Floodwaters in central Thailand have inundated industrial parks and manufacturing centers, adding to the mounting economic costs of the disaster. Cambodia, Vietnam and Laos are also continuing to tally the cost of heavy flooding that has claimed hundreds of lives.

Economists fear Thailand's most severe floods in decades may cost the country $5 billion and reduce its gross domestic product by about one percent.

The economic toll is already being felt in the country's industrial heartland, where floods breached the walls of major industrial estates. The damage has shut Honda and Toyota automobile assembly plants that account for about seven percent of their combined global production.

More water is expected in the country's manufacturing center as well as the capital, Bangkok. Together the industrial areas produce nearly one-half of Thailand's national output.

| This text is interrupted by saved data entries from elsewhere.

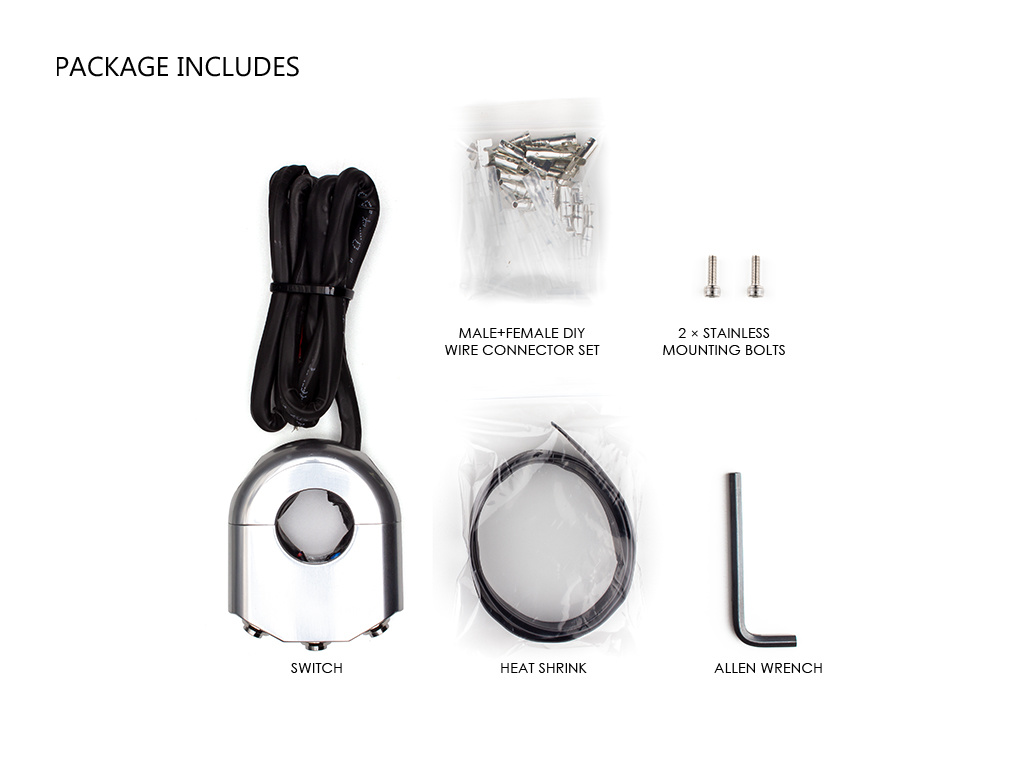High end handlebar mount switch with a combination of On/Off & Momentary switch functions. This switch can be mounted either on the left or right side of your handlebars simply by flipping it. Made from CNC Machined T6061 Billet Aluminum with stunning lines and a faultless finish.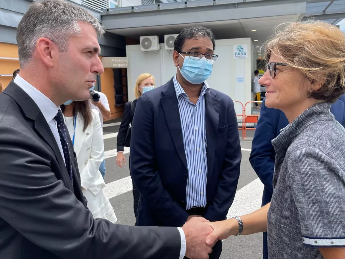 La ministre Agnès Firmin Le Bodo a été accueillie par le directeur du CHU Lionel Calenge.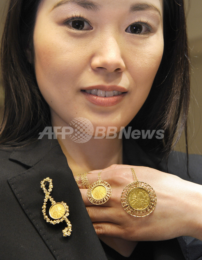 【2月25日 AFP】貴金属販売の田中貴金属ジュエリー(Tanaka Kikinzoku Jewelry)は24日、都内で、オーストリアの金貨で作られたペンダントとブローチを発表した。ペンダントには音符の飾りが散りばめられ、ブローチはト音記号をかたどっている。日本とオーストリアの修好140周年を記念して作られたもの。米国の景気対策法案施行後のインフレ懸念により、金価格は1オンス約1000ドル(約9万7000円)にまで急騰している。(c)AFP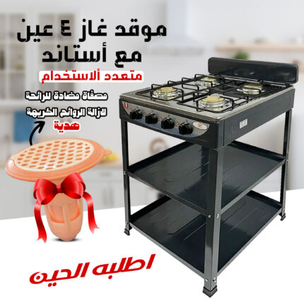 عرض موقد غاز 4 عين مع أستاند الموقد متعدد ألاستخدام بضمان عامين مع مصفاة مضادة للرائحة لازالة الروائح الكريهة هدية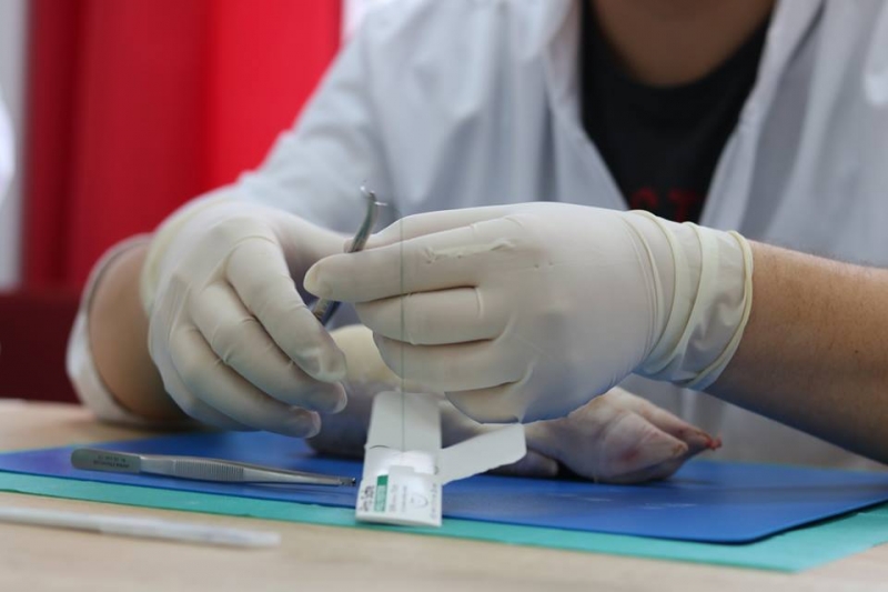 Rövid szünet után folytatódott az oktatás, a résztvevők megtanulták a varratszedés alapelveit, a steril kesztyű helyes felvételét, a sziketartási módokat, a csipesz, olló és tűfogó helyes tartását, az eszközös (apodaktíliás) csomózást, majd következett a varrástechnikák disznólábakon való gyakorlása. Összesen nyolcféle öltéstípust gyakoroltunk, az egyszerű csomós varrat, vertikális matrac varrat (Donati), Allgöwer-varrat, horizontális matrac varrat, X-varrat, egyszerű tovafutó varrat, megakasztott tovafutó varrat (Ford), valamint az intracutan tovafutó varrat elkészítését.

Bhichit Rattakul is executive director of the Asian Disaster Preparedness Center. Bhichit says floods may take up to two months to disperse, with the main body of water still to reach outer Bangkok.

"It's not easily over," said Bhichit. "[It could last] at least another 50 days because the volume of the water is still up in the north; it's not even at Ayutthaya or Bangkok yet. I mean at Ayutthaya we don't see any piece of land at all now; all we see is the water. It's all submerged. The main part of the water is still in Nakhon Sawan area. So you need some time to drain it out."

Officials from the Thai Industry Ministry say up to eight industrial estates and parks that employ over 200,000 highly skilled workers are under threat from floods.

Economists warn Thailand's growth rate will be hit, especially in the fourth quarter of 2011. Thanomsri Fongarunrung, a senior economist with Phatra Securities, says the impact on industrial production is a key concern for the economic outlook.

"Our concern is that the major area in the central area that is mainly the manufacturing of automobile, electronics, right now that is under flood and the major threat is that is comes through to Bangkok," said Fongarunrung.

While authorities warn Bangkok is at risk for flooding in the coming days, much of the damage so far has been in rural and agricultural areas in Southeast Asia.

The United Nations Office for the Coordination of Humanitarian Affairs (UNOCHA) said the flooding across countries bound by the Mekong River system - Thailand, Cambodia, Vietnam and Laos - had led to the loss of over 550 lives. In Cambodia, efforts to assist communities had been hampered by high waters and dangerous road conditions.

Peter Brimble, a senior economist for the Asian Development Bank in Phnom Penh, said the damage has been devastating for poorer communities that have been building local infrastructure using government assistance.

"They've been using these small amounts of money - maybe $10,000 or $20,000 a year - to gradually build up some of the small roads and things around the village and their commune - and now they're all washed away," said Brimble.

In Vietnam, flooding hit the Mekong Delta region claiming over a dozen lives including children while storms also hit the north central coastal region leaving 60,000 homes submerged and damaged. In Laos, where floods have affected almost half a million people, the waters have damaged more than 60,000 hectares of farmland damaged as well as local infrastructure.